Il consolidato fiscale non fa venir meno l’individualità delle società che hanno esercitato l’opzione.

Di Alessia Vignoli -

(commento a/notes to Cass., Sez. Trib., 13 febbraio 2020, n. 3598)

Abstract

Il consolidato fiscale non determina il venir meno della individualità delle società che abbiano esercitato l’opzione. La società consolidante, come le altre società partecipanti al consolidato, conserva la propria posizione individuale, che non si sovrappone al ruolo che la società medesima assume nel gruppo consolidato e che le consente di compensare i propri crediti con i propri debiti anche se sorti nel corso del consolidato a condizione che dimostri che si tratti di un credito proprio che non sia stato trasferito dalle consolidate.

The tax consolidation does not determine the loss of individuality of the companies that have exercised the option. – The tax consolidation does not determine the loss of individuality of the companies that have exercised the option. The consolidating company, like the other companies participating in the consolidation, maintains its individual position, which does not overlap with the role that the company assumes in the consolidated group. So the consolidating company can offset its credits with its debts even if they arise during the course of the tax consolidation, on condition that it proves that it is an own credit that has not been transferred by the consolidated companies.

Sommario: 1. La vicenda. – 2. I rapporti intragruppo e il consolidato. – 3. Il consolidato non può precludere l’utilizzo di crediti che sarebbero spettati comunque. – 4. Conclusioni.

1. La sentenza pronunciata dalla Corte di Cassazione trae origine dal controllo formale di una dichiarazione presentata dalla società consolidante di un gruppo societario, ai sensi dell’art. 117 ss. d.P.R. n.917/86.

A seguito di tale controllo, l’ufficio emetteva una cartella di pagamento con cui disconosceva il credito da acconto IRES versato dalla società contribuente, divenuta capogruppo del consolidato, e dalla stessa utilizzato in compensazione di un proprio debito Irap; ciò perché tale credito, secondo l’ufficio fiscale, avrebbe dovuto essere oggetto di cessione nel rispetto della versione all’epoca vigente dell’art. 43 ter, comma 2, d.P.R. n. 602/73 (che prevedeva, ai fini dell’efficacia della cessione, l’indicazione nella dichiarazione di gruppo degli estremi dei soggetti cessionari delle eccedenze e dei relativi importi).

2. La cartella di pagamento veniva impugnata dalla società consolidante, la quale in più occasioni aveva sottolineato la legittimità della compensazione, dal momento che il credito in questione, pur essendo maturato nell’ambito del primo esercizio del consolidato fiscale, derivava da versamenti che la stessa società aveva effettuato a titolo di acconto Ires 2004 e non da versamenti effettuati da altre società consolidate e attribuiti poi alla «consolidante», in applicazione del regime ex artt. 117 e segg. del TUIR.
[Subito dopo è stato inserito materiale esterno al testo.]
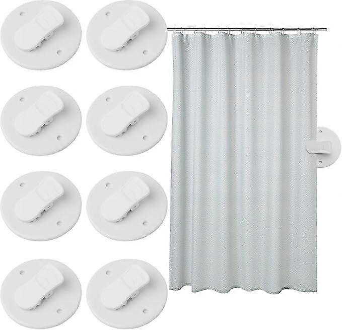 3.5x5.5cm 8pcs Self Adhesive Shower Curtain Clips Windproof Splash Guard White Bathroom Accessories for Holding Shower Curtain and Curtains
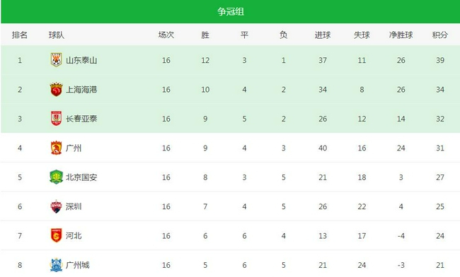 本轮比赛,排名三四位的亚泰与广州队都斩获平局。而泰山、海港都取胜,这样一来就扩大了领先的优势。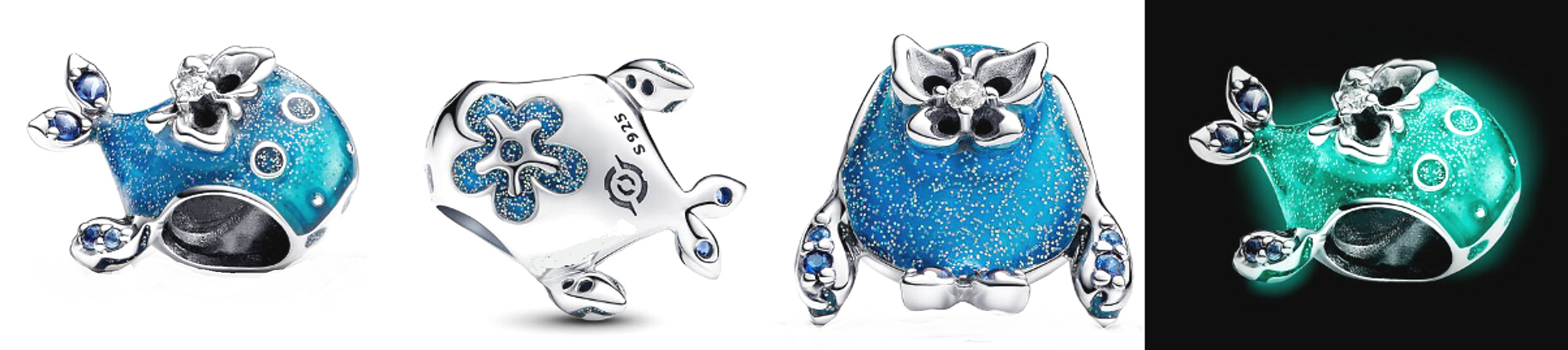 smaltovanými spirálovými liniemi na rubu s montážními otvory, každá ploutev je zdobena sklem, na rubu jsou také montážní otvory. Korálek svítí ve tmě.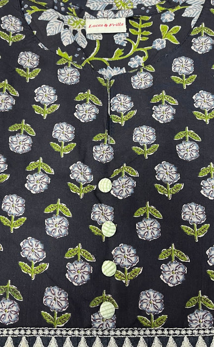 Black/Green Floral Jaipuri Cotton Kurti. Pure Versatile Cotton. | Laces and Frills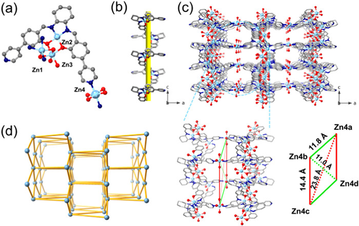 | Fig. 1. The crystal structure of R-1: (a) Coordination environment of the Zn2+ centers; (b) right-handed (P)21 helical chain along the c axis; (c) view of the 3D framework along the b axis (top) and a parallelogram-shaped cavity by four Zn4 atoms (down), and (d) acs topology. Color codes: Zn, cyan; C, gray; O, red; N, blue; H, omitted. | |

Nella sentenza si legge che la contribuente avrebbe dovuto dimostrare che il credito derivava dagli acconti versati dalla medesima società per l’anno 2004, senza alcun collegamento o derivazione dai crediti delle altre consolidate e, siccome tale dimostrazione non sarebbe stata desumibile dalla motivazione della sentenza d’appello, la Corte di Cassazione ha pronunciato una sentenza di rinvio ad altra sezione della Commissione tributaria regionale affinchè verifichi tale aspetto.
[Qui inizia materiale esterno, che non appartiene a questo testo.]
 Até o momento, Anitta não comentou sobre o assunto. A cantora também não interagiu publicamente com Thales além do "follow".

La questione deve essere inquadrata nel più ampio contesto dei rapporti infragruppo e della rilevanza delle perdite delle società all’interno del gruppo, variamente conciliato con il regime degli acconti pagati nel primo esercizio di entrata in vigore del consolidato e con l’assenza di una “soggettività” del consolidato rispetto alle società che esercitano l’opzione.

Si tratta, dunque, di gestire una pluralità di profili.
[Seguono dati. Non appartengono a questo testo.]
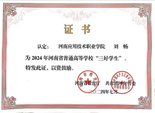 2024年05月,获得河南省三好员工

In prima battuta, occorre ricordare che il consolidato fiscale, una volta eliminata la possibilità di dedurre, a certe condizioni, le svalutazioni   su partecipazioni in società partecipate in perdita, rappresenta ormai il modo più immediato, se non l’unico, per attribuire rilevanza alle perdite delle società all’interno dei gruppi societari.

A rigore è stata ipotizzata (cfr.: Lupi, Diritto delle imposte, Milano, 2020, 175 ss.) anche un’altra soluzione, ossia quella di trasformarsi in società uniche “multidivisionali”, concentrando tutte le attività economiche in una stessa società per mantenere la compensabilità piena dei redditi con le perdite. Si tratterebbe però di una forzatura, con possibile violazione del principio di irrilevanza delle forme giuridiche rispetto alla determinazione dei tributi (c.d. “principio di neutralità”) e con il rischio di ostacolare anche apprezzabili obiettivi extratributari come la separazione delle competenze dirigenziali e la limitazione dei rischi con relative responsabilità.

L’adesione al consolidato «nazionale» consente, invece, di compensare in maniera lineare utili e perdite relative ai periodi d’imposta per i quali è in essere questa procedura; le perdite di periodi d’imposta anteriori all’ingresso nel consolidato invece non potranno essere immesse nel consolidato, ma saranno riportabili esclusivamente dalla singola società che le ha prodotte e che potrà utilizzarle in compensazione con altre imposte a debito.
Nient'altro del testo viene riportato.